• ENTRIES SHOWN:
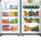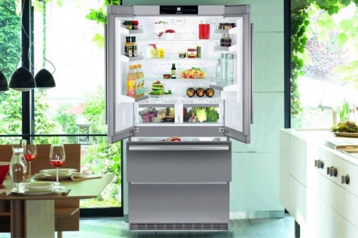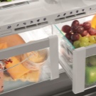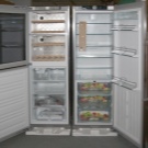 ثلاجة “جنبًا إلى جنب” (باب مزدوج) – للأشخاص الأكثر فطنة. ضخمة ، مناسبة للمنازل الريفية حيث تجتمع الشركات الكبيرة ، أو لعائلة كبيرة ذات دخل جيد. يحتوي على خزانة نبيذ مدمجة ومنطقة BioFresh كبيرة – لا يشكو العملاء من عملها. له طلاء خاص لا توجد عليه بصمات أصابع.
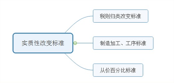 實質(zhì)性改變的確定標準,以稅則歸類改變?yōu)榛緲藴?,稅則歸類改變不能反映實質(zhì)性改變的,以從價百分比、制造或者加工工序等為補充標準。
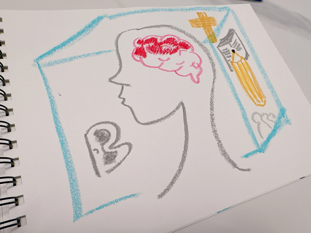 상담 선생님과 안부를 나누고 상담선생님께서 내주신 숙제를 함께 보았다. 숙제로 내주셨던 그림의 주제는 삶에서 무엇을 붙들고 살아왔는지에 대한 이야기였다. 나는 그림 공책의 가운데에 우선 사람의 머리와 대뇌 부분을 그렸다. 내가 평생 붙들고 살아왔던 것은 어쩌면 나의 의식이었기 때문이다. 내가 듣고 배우고 생각한 것들을 토대로 나는 열심히 살아왔었다. 그리고 나의 신앙, 주위에서 나를 지켜주고 있던 사람들 그들이 나를 살게 했던 것 같다.
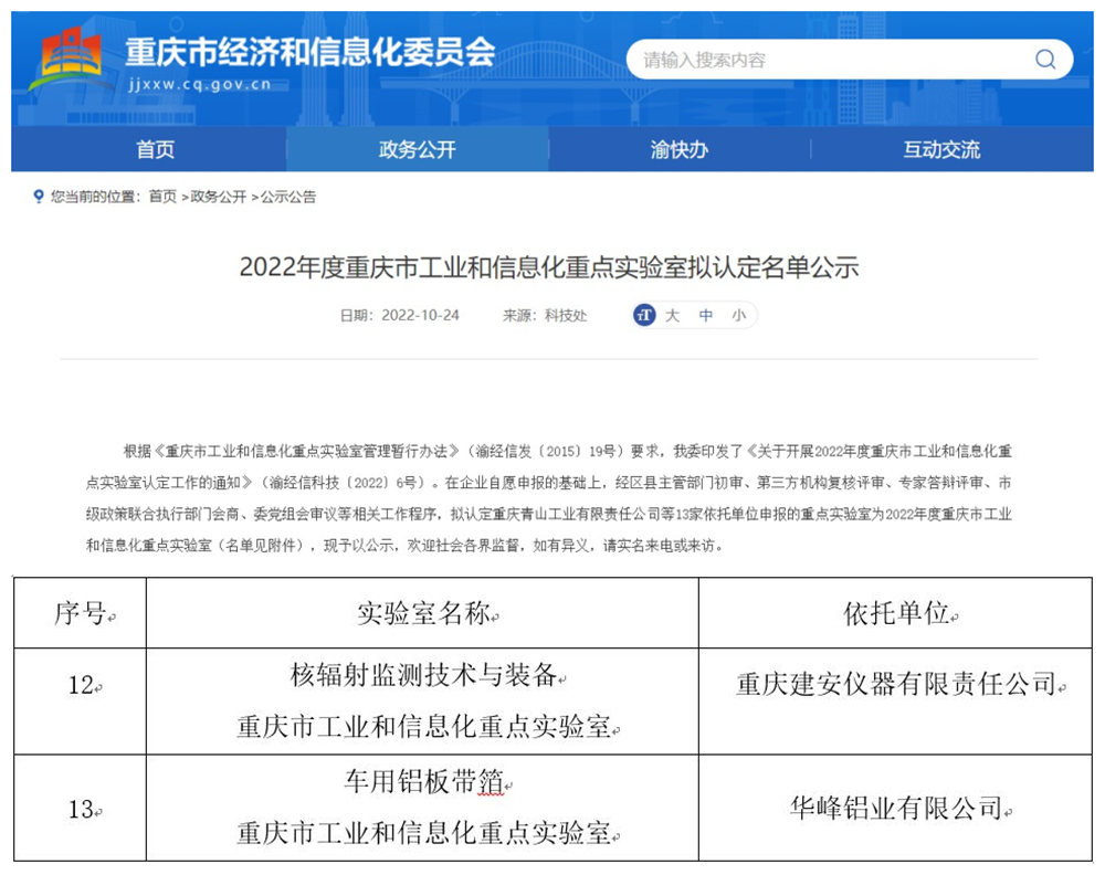 近日,重庆市经济和信息化委员会公示了“2022年度重庆市工业和信息化重点实验室”名单,九五贵宾会铝业有限公司车用铝板带箔实验室作为涪陵区唯一一家单位/企业成功入选。
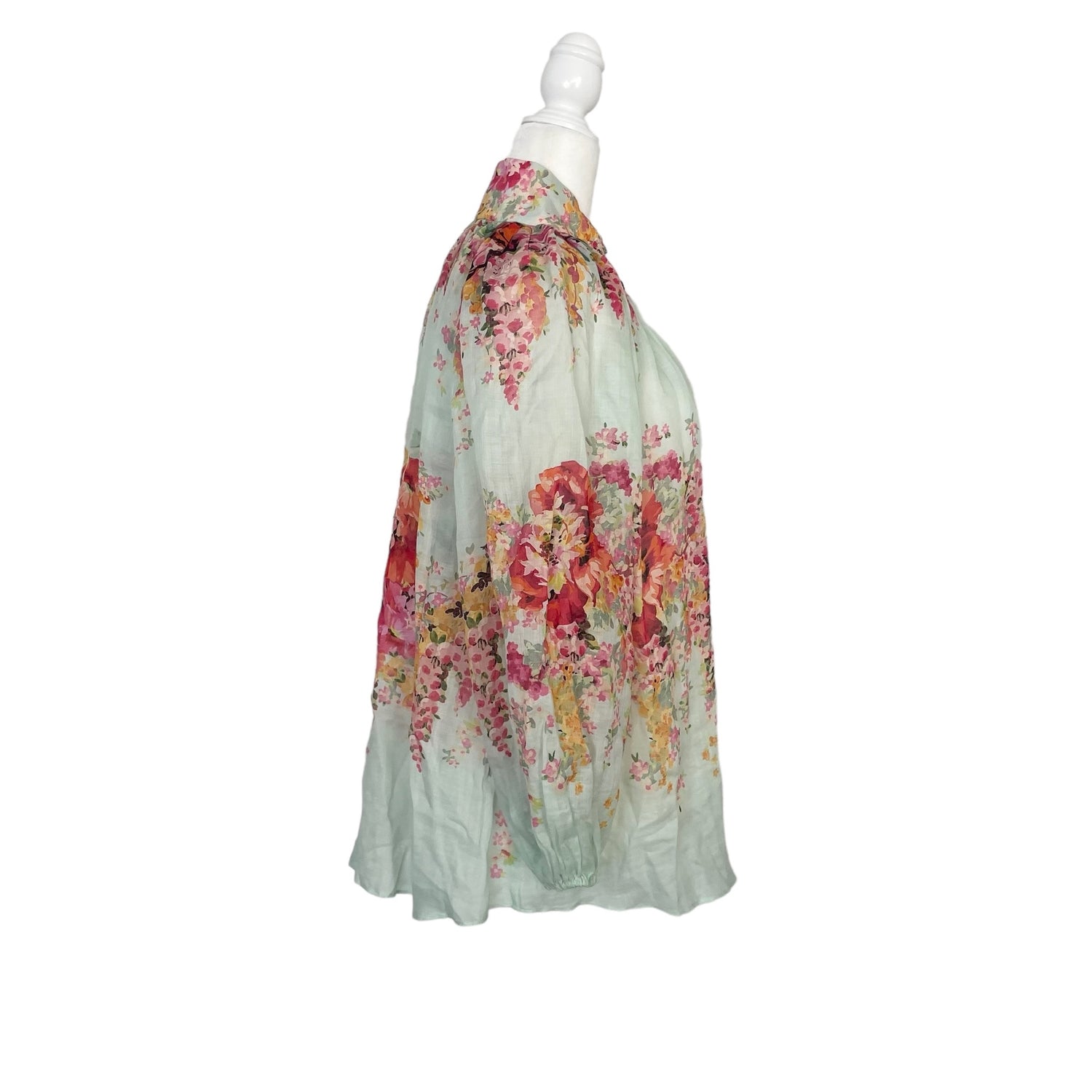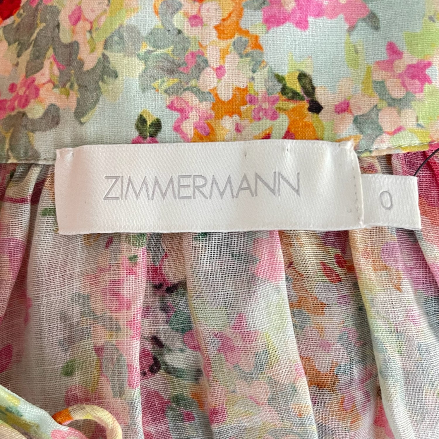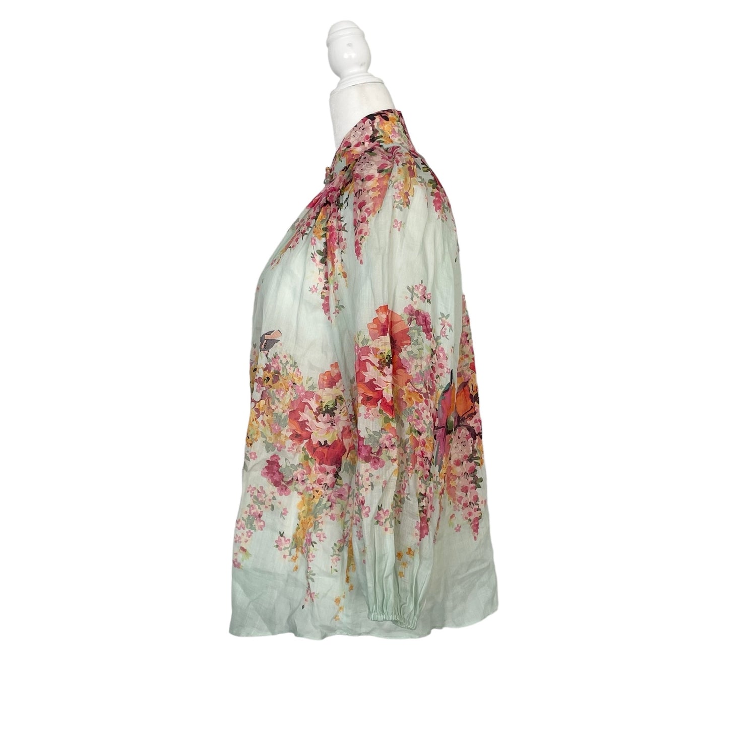 Zimmermann blouse. Beautiful bird and floral print. Mini buttons at front. Whimsical loose and comfortable. Designer size 0.
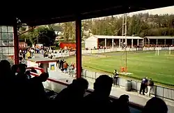 In 1985 the club moved back to the Pilot Field,[13] which since 1948 had seen the construction of two new stands behind one goal, floodlights and additional catering facilities. A new clubhouse was constructed near the main entrance in 1998 and further extended the following year, the "Cole Warren" stand was erected in 2005 at the far end of the ground and providing covered standing and seating on three sides of the ground.[35]
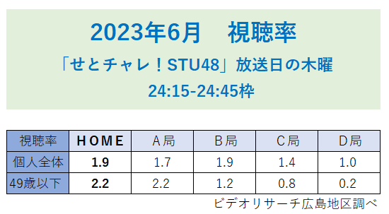 【せとチャレ!STU48】2023年6月 月間視聴率 個人全体1位・U49 5カ月連続の1位
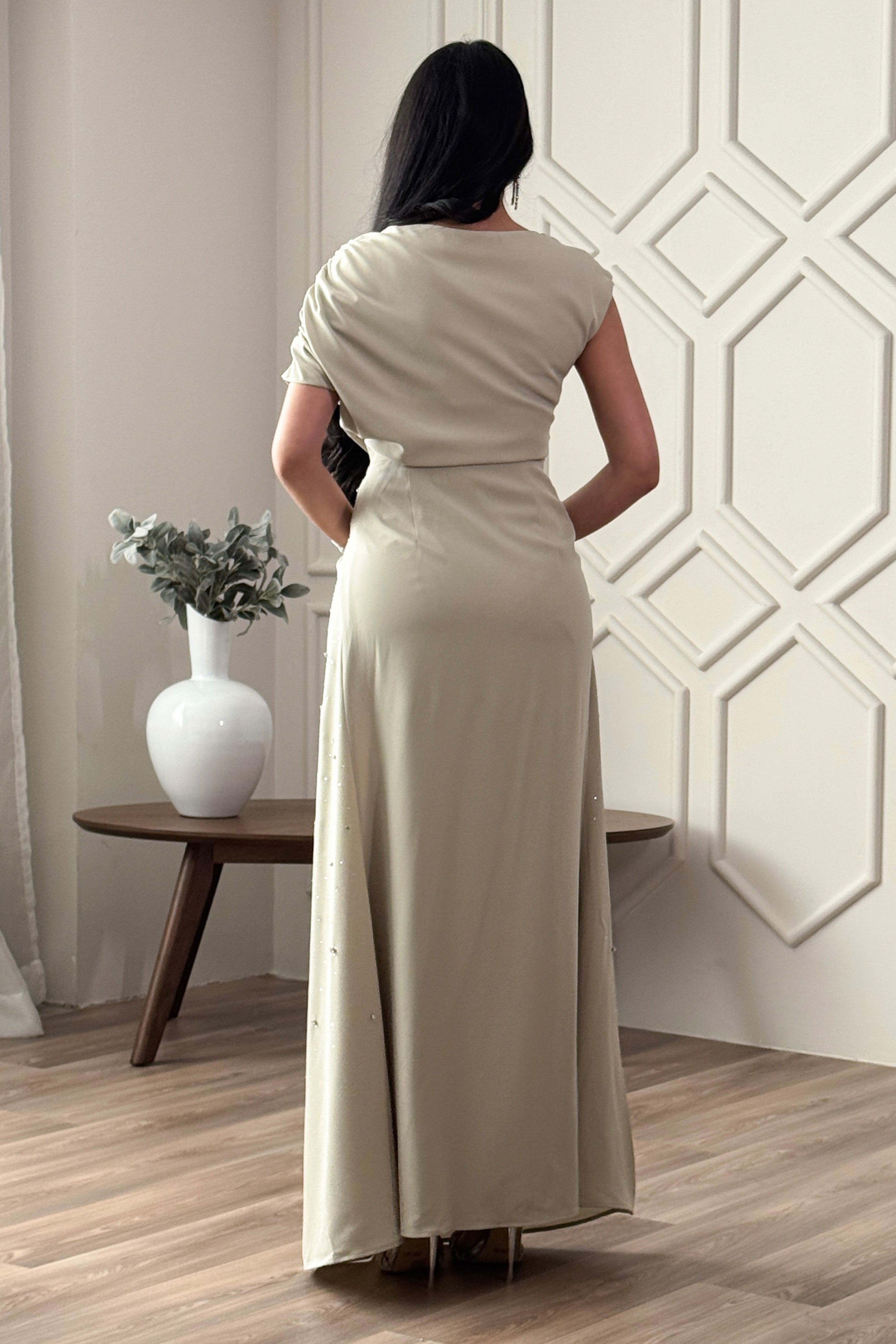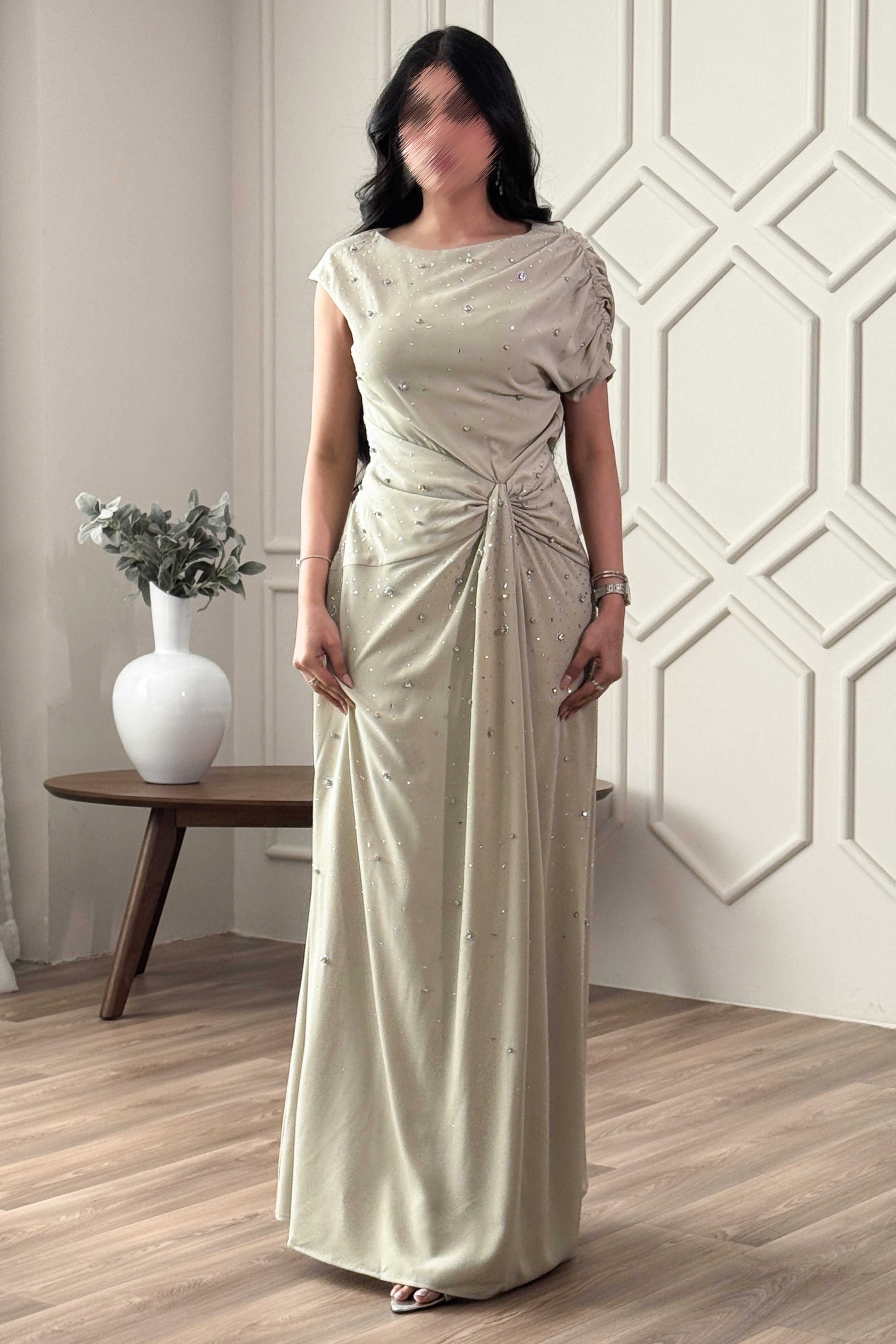 فستان اخضر فاتح سهرة ماكسي بزم مزين بالكريستال
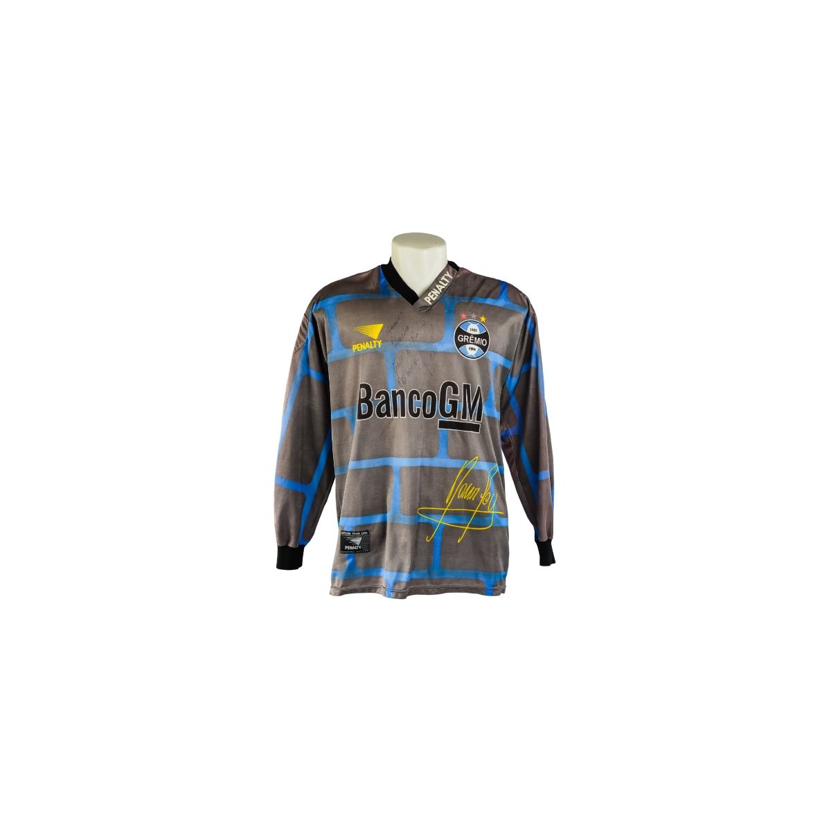 O modelo conta com mangas longas, gola preta com detalhe da marca Penalty , e traz o patrocínio do Banco GM na parte frontal e Chevrolet nas costas, marcas que remetem à parceria da época com o grupo General Motors. O autógrafo de Danrlei estampado em amarelo no peito direito dá o toque final de decoração a essa raridade.

• ASSIGNED TASK:
Would you mind returning each entry above word for word, skipping the images?

• THE ANSWER:
 ثلاجة “جنبًا إلى جنب” (باب مزدوج) – للأشخاص الأكثر فطنة. ضخمة ، مناسبة للمنازل الريفية حيث تجتمع الشركات الكبيرة ، أو لعائلة كبيرة ذات دخل جيد. يحتوي على خزانة نبيذ مدمجة ومنطقة BioFresh كبيرة – لا يشكو العملاء من عملها. له طلاء خاص لا توجد عليه بصمات أصابع.
 實質(zhì)性改變的確定標準,以稅則歸類改變?yōu)榛緲藴?,稅則歸類改變不能反映實質(zhì)性改變的,以從價百分比、制造或者加工工序等為補充標準。
 상담 선생님과 안부를 나누고 상담선생님께서 내주신 숙제를 함께 보았다. 숙제로 내주셨던 그림의 주제는 삶에서 무엇을 붙들고 살아왔는지에 대한 이야기였다. 나는 그림 공책의 가운데에 우선 사람의 머리와 대뇌 부분을 그렸다. 내가 평생 붙들고 살아왔던 것은 어쩌면 나의 의식이었기 때문이다. 내가 듣고 배우고 생각한 것들을 토대로 나는 열심히 살아왔었다. 그리고 나의 신앙, 주위에서 나를 지켜주고 있던 사람들 그들이 나를 살게 했던 것 같다.
 近日,重庆市经济和信息化委员会公示了“2022年度重庆市工业和信息化重点实验室”名单,九五贵宾会铝业有限公司车用铝板带箔实验室作为涪陵区唯一一家单位/企业成功入选。
 Zimmermann blouse. Beautiful bird and floral print. Mini buttons at front. Whimsical loose and comfortable. Designer size 0.
 In 1985 the club moved back to the Pilot Field,[13] which since 1948 had seen the construction of two new stands behind one goal, floodlights and additional catering facilities. A new clubhouse was constructed near the main entrance in 1998 and further extended the following year, the "Cole Warren" stand was erected in 2005 at the far end of the ground and providing covered standing and seating on three sides of the ground.[35]
 【せとチャレ!STU48】2023年6月 月間視聴率 個人全体1位・U49 5カ月連続の1位
 فستان اخضر فاتح سهرة ماكسي بزم مزين بالكريستال
 O modelo conta com mangas longas, gola preta com detalhe da marca Penalty , e traz o patrocínio do Banco GM na parte frontal e Chevrolet nas costas, marcas que remetem à parceria da época com o grupo General Motors. O autógrafo de Danrlei estampado em amarelo no peito direito dá o toque final de decoração a essa raridade.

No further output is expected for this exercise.